O bar de repente se encheu de agitação enquanto assobios e uivos dos homens ecoavam pelo recinto. Alguns até aplaudiram quando alguém desceu as escadas do segundo andar. Carter olhou para cima de seu copo e se deparou com a visão mais deslumbrante que já tinha visto.

Era Dahlia.

Ela estava mais bonita que qualquer dama da nobreza que ele já havia encontrado quando era um cavaleiro para o Rei Minbury.

Dahlia era um espetáculo à parte, impecavelmente limpa e vestida. Seus cabelos castanhos brilhantes estavam perfeitamente enrolados, e os cachos balançavam a cada movimento de sua cabeça. Sua maquiagem era mínima, realçando sua beleza natural.

Havia uma fragrância floral sutil que ele podia sentir emanando dela, agregando ao seu encanto. Mas o que mais o encantava em Dahlia eram seus olhos verdes esmeralda, que pareciam refletir cada emoção dela, mudando de tonalidade a cada alteração de seu humor.

Ele estava cativado por sua presença estonteante. Ele ficou paralisado como uma estátua enquanto ela descia as escadas. Carter finalmente saiu de seu devaneio e se levantou do banco do bar para cumprimentá-la como um cavalheiro de verdade.

Ela estendeu sua mão enluvada para ele, e ele a tomou, trazendo-a aos lábios, depositando gentilmente um beijo no dorso de sua mão.

— Dahlia — você… você está magnífica! — Carter engasgou-se com as palavras, fracassando ao tentar se expressar. — Você é tão linda; eu-eu… esqueci o que ia dizer. —
Dahlia riu do charme juvenil de Carter.
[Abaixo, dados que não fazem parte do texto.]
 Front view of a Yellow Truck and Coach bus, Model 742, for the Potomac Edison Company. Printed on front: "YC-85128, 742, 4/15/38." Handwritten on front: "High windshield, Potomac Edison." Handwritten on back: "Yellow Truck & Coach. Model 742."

Ela tentou minimizar sua falta de palavras provocando-o.

Ela ofereceu a Carter um sorriso malicioso e bateu os longos cílios encaracolados. — Bem, obrigada, Carter. Eu não fazia ideia que minha beleza pudesse apagar sua memória! —
Carter balançou a cabeça, tentando se reorganizar. Embora Dahlia apenas o tivesse provocado, ele estava tão hipnotizado por sua presença que não conseguiu formular uma resposta espirituosa. Ele precisava de um momento para recuperar seu autocontrole.

— Eu ainda não consigo superar quão deslumbrante você está, — disse ele.
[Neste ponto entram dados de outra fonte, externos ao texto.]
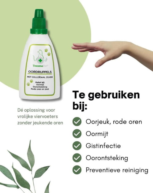 De unieke formule van de oordruppels met colloïdaal zilver reinigt en verzorgt effectief de oren van je geliefde huisdier op lange termijn. De TraumaPet oordruppels kunnen dus niet alleen gebruikt worden ter ondersteuning van oorproblemen, maar ook voor preventief gebruik. Op deze manier kan het colloïdaal zilver de kans op jeuk, oormijt en oorinfecties helpen verminderen.

A sobrancelha de Dahlia se juntou, seu sorriso provocador desapareceu, e sua expressão mudou. — Eu estava mal antes? — Ela perguntou. Curiosamente. Ele podia sentir uma perda de confiança em seu tom enquanto ela lhe fazia a pergunta.

Ao observar Dahlia, seus outrora vividos olhos cor de jade agora pareciam nublados com dúvida e insegurança. Seus ombros caíram levemente e sua linguagem corporal aparecia defensiva, como se estivesse se preparando para ouvir o pior.

A brincadeira alegre que havia preenchido o espaço entre eles apenas momentos atrás agora fora substituída por um silêncio desconfortável. Seus lábios tremiam levemente, traindo o nervosismo que ela tentava esconder. Estava claro que suas observações tinham atingido um nervo, e ele sabia que precisava escolher suas próximas palavras com cuidado.

Sem hesitar, Carter expressou seus sentimentos a Dahlia. — Não, eu não estou insinuando isso de maneira alguma. Bem o contrário, na verdade. O que eu queria lhe transmitir é… eu acreditava ser impossível melhorar as qualidades de alguém que já era perfeito de todas as maneiras. Acho você deslumbrantemente bela desde a noite em que gentilmente se ofereceu para me servir. —
Carter colocou seu dedo indicador sob o queixo dela e inclinou a cabeça de Dahlia para que seus olhos se fixassem um no outro. — Eu tenho tanto que quero dizer a você. No entanto, este não é o local onde desejo fazer isso. E definitivamente não posso te levar de volta ao nosso quarto, ou nunca deixaremos a cama. —
Sua expressão era séria. — O que tenho a dizer é importante — precisa ser feito em privado, com alguma discrição. —
Dahlia sentiu seu coração afundar com suas palavras. Ela sabia o que ele estava tentando transmitir gentilmente. O tempo deles juntos havia acabado, seu trabalho estava feito e ele a deixaria para trás, assim como Granshope Parrish.

E isso significava apenas uma realidade para ela; Ela voltaria a ser manuseada pelos clientes pagantes como anfitriã para Elliot e a madama.

Lágrimas brotaram nos olhos de Dahlia e ameaçaram escorrer por suas bochechas coradas. Ela engoliu forte suas emoções, tentando se manter composta. Ela já sabia que esse dia chegaria.

Sua garganta apertou, tornando difícil falar. Ela sentiu seu peito arfando por ar como se houvesse uma pedra sobre ele. Suas mãos tremiam e seus joelhos se sentiam fracos.